- Dataset records:
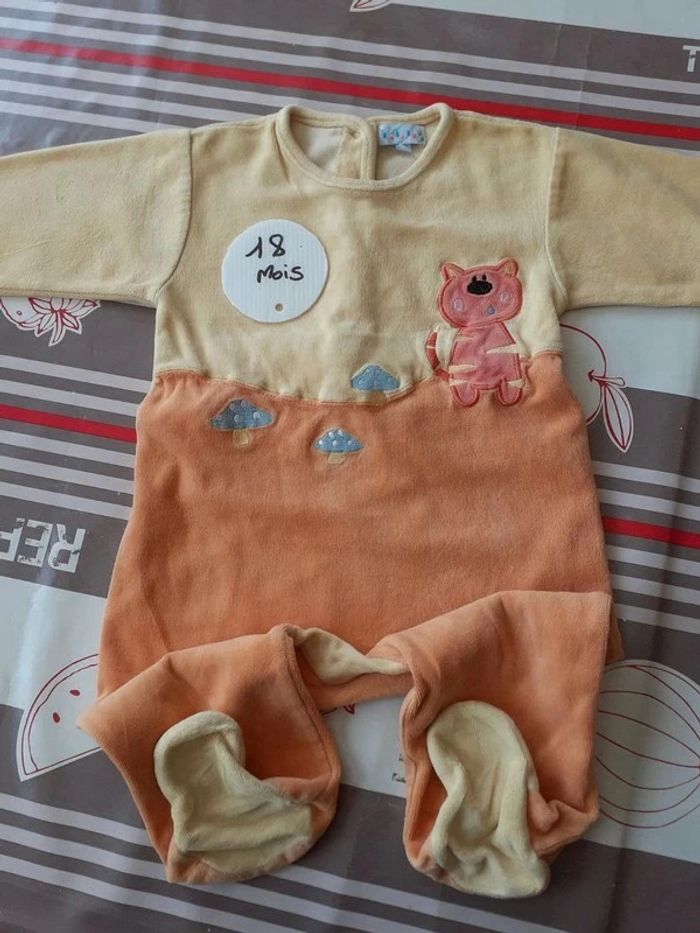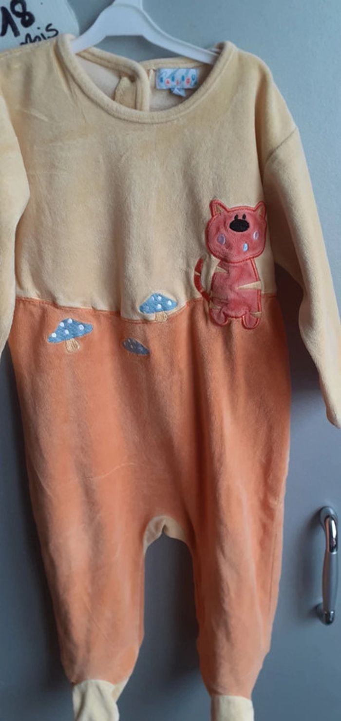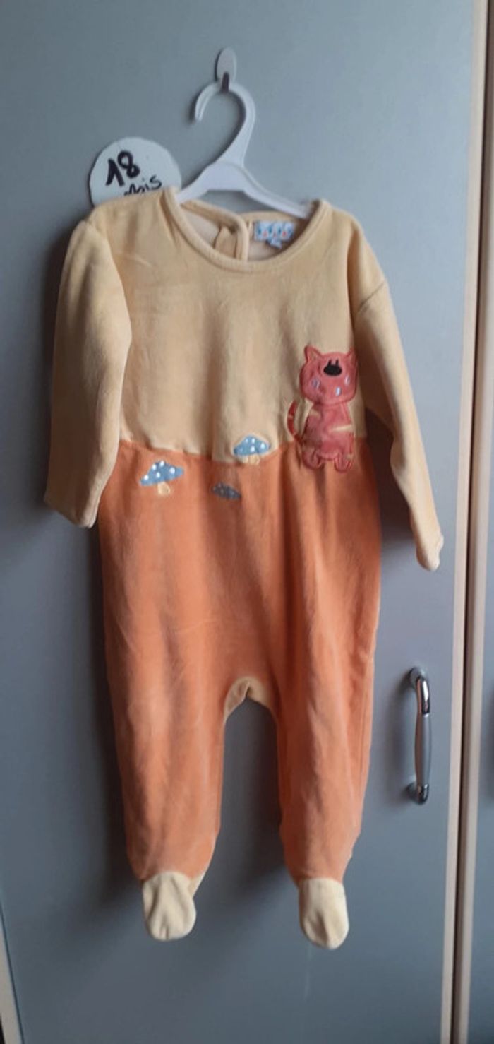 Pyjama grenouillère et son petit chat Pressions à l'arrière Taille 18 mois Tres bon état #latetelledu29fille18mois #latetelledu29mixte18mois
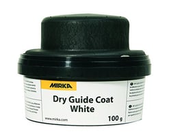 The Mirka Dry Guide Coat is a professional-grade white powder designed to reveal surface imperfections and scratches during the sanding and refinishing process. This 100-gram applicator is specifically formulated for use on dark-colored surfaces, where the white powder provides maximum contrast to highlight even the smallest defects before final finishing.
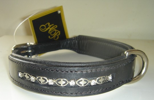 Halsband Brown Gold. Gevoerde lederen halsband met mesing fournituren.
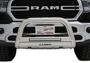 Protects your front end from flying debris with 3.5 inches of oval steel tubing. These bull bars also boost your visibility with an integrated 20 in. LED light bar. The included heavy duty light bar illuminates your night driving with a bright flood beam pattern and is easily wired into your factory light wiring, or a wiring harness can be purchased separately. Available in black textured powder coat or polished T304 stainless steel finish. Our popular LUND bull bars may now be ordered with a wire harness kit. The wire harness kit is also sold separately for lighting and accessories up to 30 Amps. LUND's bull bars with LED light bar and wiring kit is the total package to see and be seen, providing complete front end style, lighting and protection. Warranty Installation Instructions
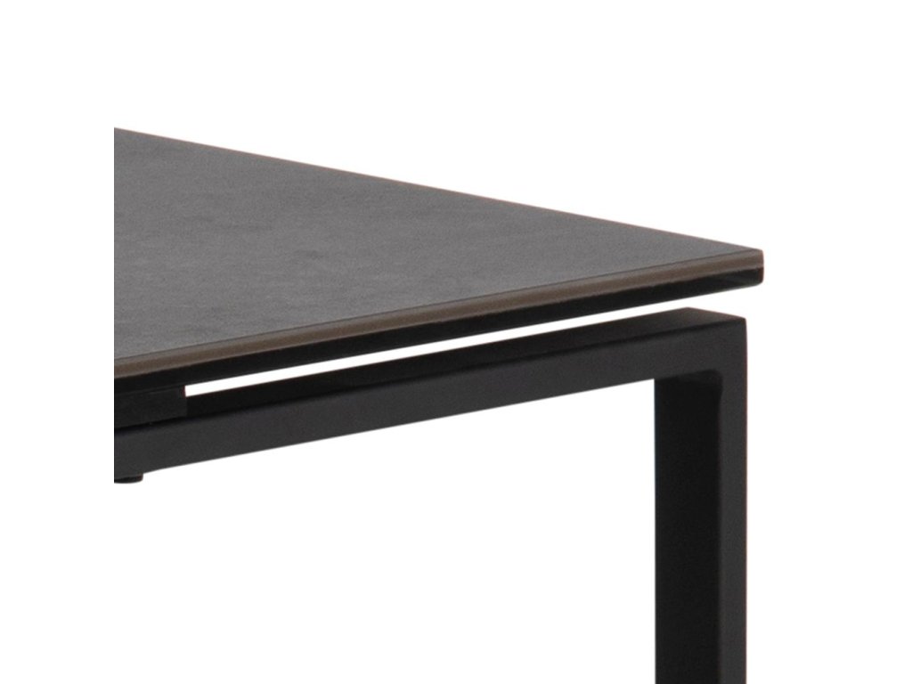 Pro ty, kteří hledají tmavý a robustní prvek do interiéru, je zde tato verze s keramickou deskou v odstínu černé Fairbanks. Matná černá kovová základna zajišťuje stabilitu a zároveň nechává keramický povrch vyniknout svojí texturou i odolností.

- Problem:
Please give back exactly, and with no pictures, the lines from where the listing above begins through the line containing "Halsband Brown Gold.".

- Written solution:
 Pyjama grenouillère et son petit chat Pressions à l'arrière Taille 18 mois Tres bon état #latetelledu29fille18mois #latetelledu29mixte18mois
 The Mirka Dry Guide Coat is a professional-grade white powder designed to reveal surface imperfections and scratches during the sanding and refinishing process. This 100-gram applicator is specifically formulated for use on dark-colored surfaces, where the white powder provides maximum contrast to highlight even the smallest defects before final finishing.
 Halsband Brown Gold. Gevoerde lederen halsband met mesing fournituren.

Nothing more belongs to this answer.